Choices exist. In presenting these choices, Projected Costs of Generating Electricity: 2010 Edition will be an indispensable tool for decision makers, researchers and stakeholders in the years to come. Thanks to the active co-operation of OECD and non-OECD countries, industry and academia, this new edition covers more countries and technologies than any previous one. It comprises data for almost 200 power plants from 17 OECD countries as well as from Brazil, China, Russia and South Africa, and features a wide array of technologies including coal (both with and without carbon capture), natural gas, nuclear, hydro, on-shore and off-shore wind, solar, biomass, wave, tidal and combined heat and power (CHP).

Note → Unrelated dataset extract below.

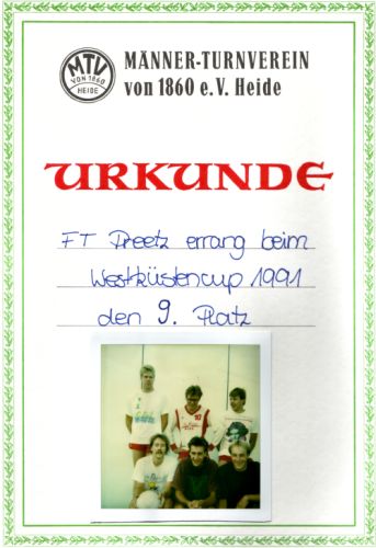 (8) 4. Platz Punkte: 14:18 Sätze: 30:32 Klassenerhalt Neu zur Mannschaft stießen: Uli Brandenburg (?), Sven Carstensen (?) Trainer: Kirsten Möller Mi 1991 (?) Trainer: Michael Koch Do Dierk Tiessen Do |

Projected Costs of Generating Electricity: 2010 Edition is the seventh in a series of studies on the costs of power generation and has established itself as an unrivalled reference in this domain. The analysis was closely overseen by an international Expert Group on Electricity Generating Costs with more than 50 representatives from 19 OECD member countries, the European Commission and the International Atomic Energy Agency (IAEA). Experts from Brazil, India and Russia also participated.
For the first time, the report contains an extensive sensitivity analysis of the impact of variations in key parameters such as discount rates, fuel prices and carbon costs on LCOE. Additional issues affecting power generation choices are also examined.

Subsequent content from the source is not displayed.